Четверо российских сыщиков стояли на лесистом берегу Балуя. Настроение у всех было скверным.
— Можно, конечно, сегодня на встречу не ходить, — говорил Кунцевич, покусывая сорванную травинку, — но тогда, боюсь, мы его больше не увидим — Гайдук сразу заподозрит неладное. Придётся брать его вчетвером, без местных.
— Вы же, ваше высокоблагородие, сами сказали, что в Яссах его трое встречало! — Вавилин затянулся папиросой, — даже если здесь у него больше приятелей нет, в чём я сильно сомневаюсь, даже тогда один на один получается. А они, в отличии от нас, стрелять в людном месте не постесняются. Достанут свои шпейера и начнут прямо с порога шмалять. Нет, не возьмём мы его вчетвером.
— Ну, с порога они стрелять не станут, — успокоил подчинённого Кунцевич. — Надо же будет Гайдуку удостоверится, что господин пристав принёс деньги. А господин пристав скажет, что не принёс. Скажете ему, Николай Михайлович, что деньги положили в банкирскую контору на сохранение, так как опасались иметь при себе такую крупную сумму в чужом городе. Все конторы сегодня закрыты, поэтому Котову в любом случае придётся ждать до завтра. А завтра, Бог даст придут бумаги из Букарешта.
— А если он не отпустит господина пристава? — Задал резонный вопрос сыскной надзиратель. — Если с собой его заберёт?
— Придётся Николаю Михайловичу воспользоваться гостеприимством Григория Ивановича. Вы, Вавилин, сейчас наймите экипаж и вместе с Игнатьевым проследите, куда отправится Гайдук. Если установим его место жительства, будет ещё легче — возьмём весь шитвис[38] в заводиловке[39].
— Нет, в гости Гайдуку я не хочу — признался становой.

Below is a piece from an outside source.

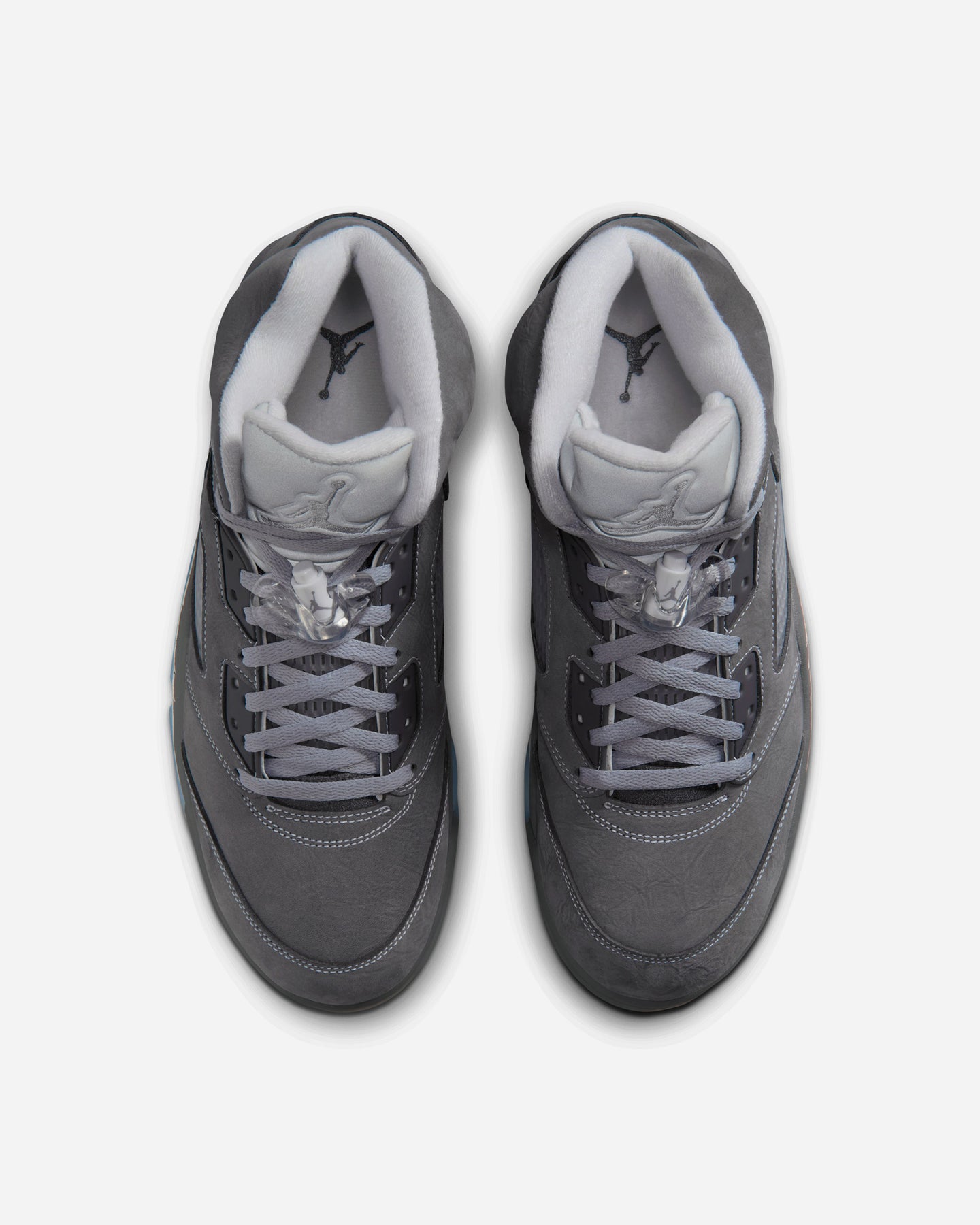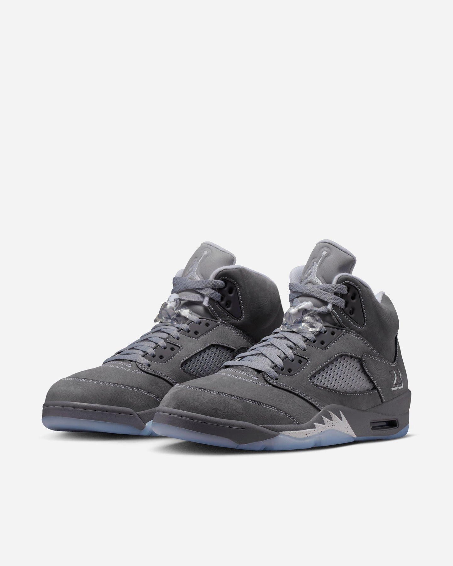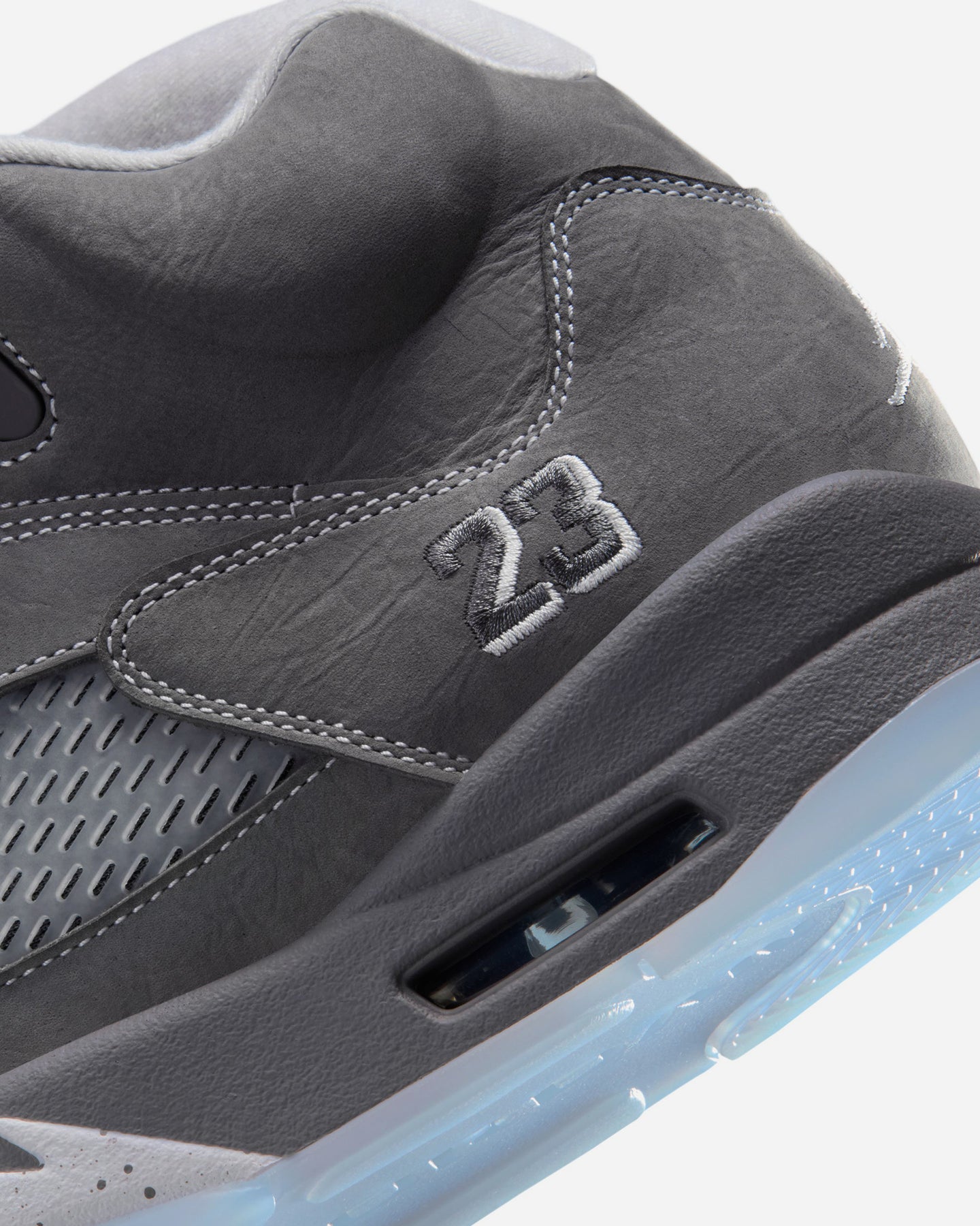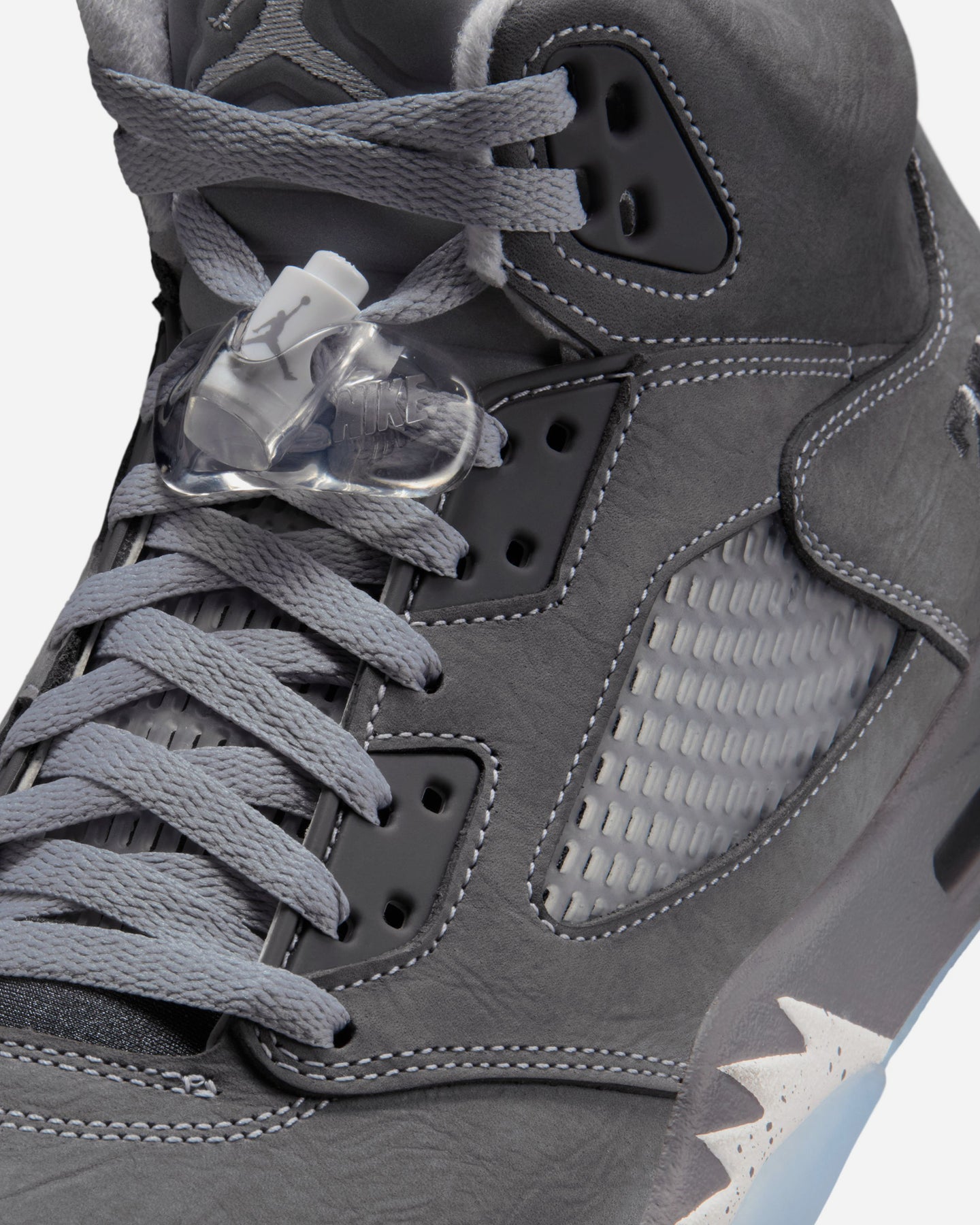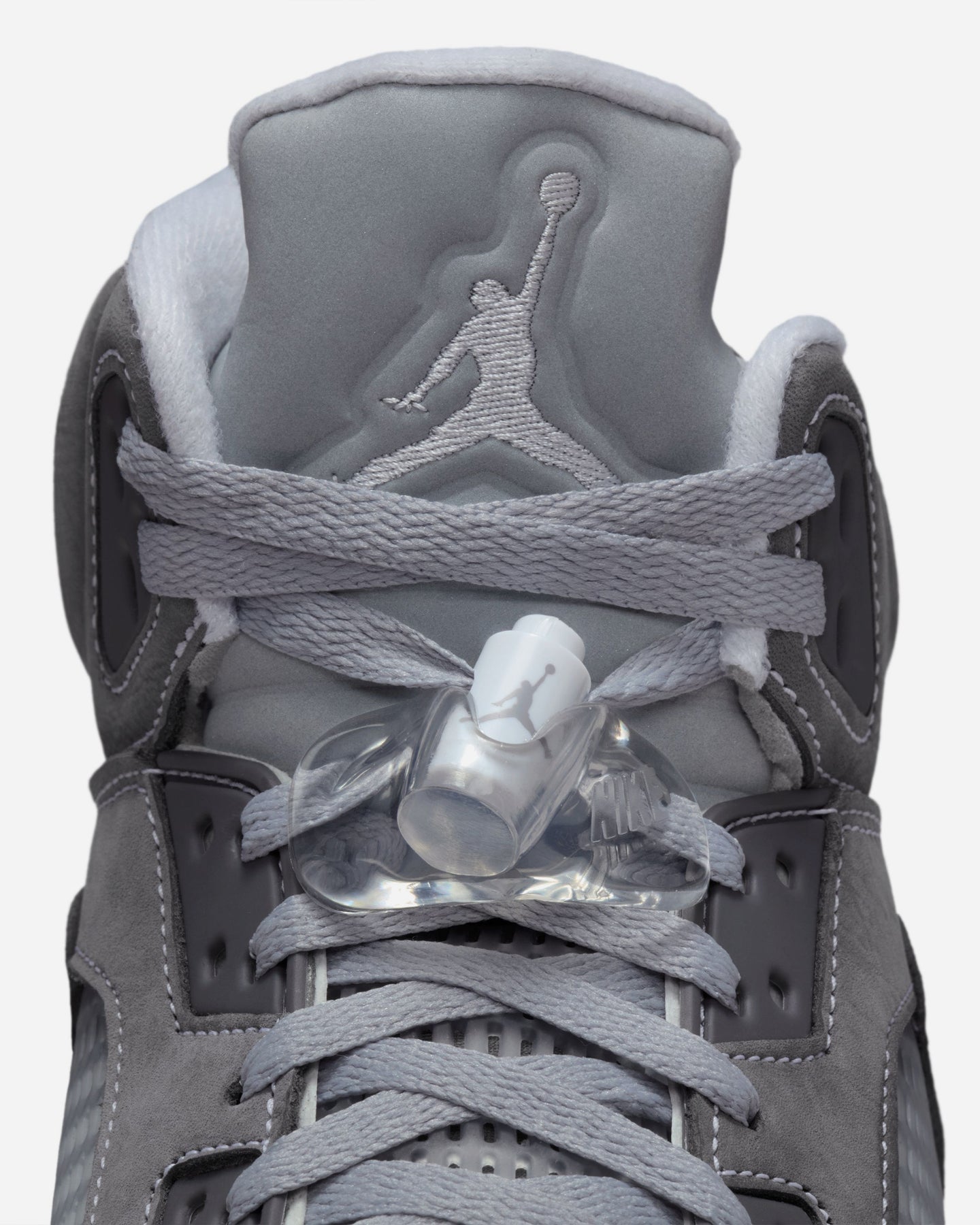 アッパーはライトグラファイトを基調に、ホワイトとウルフグレーで構成。戦闘機のノーズアートに着想を得たミッドソールのラインや、立体的な履き口まわりが、彫刻のような陰影を生む。クリアパーツやシューレーストグルといった象徴的ディテールも、過不足なく配置されている。

— Тогда попросите его вас отпустить.
— А если он не послушает?
— Послушает, коли будете убедительны. И вы меня, господа, послушайте, — голос у чиновника посуровел, — вы, милостивые государи, на службе находитесь, и в ваши служебные обязанности входит, в том числе, и участие в задержании вооружённых преступников. Вы, голубчики, каждое первое число каждого месяца изволите за это жалование получать. Сейчас вы мне напоминаете одного брандмейстера, который на вопрос о том, как ему служится отвечал: «Служба — одно сплошное удовольствие, вот только если пожар, то хоть в отставку подавай». Поэтому, прекращаем разговоры и готовимся к встрече с Гайдуком. А пока у нас есть время, я ещё раз встречусь со здешними коллегами, авось мне удастся их уговорить нам помочь.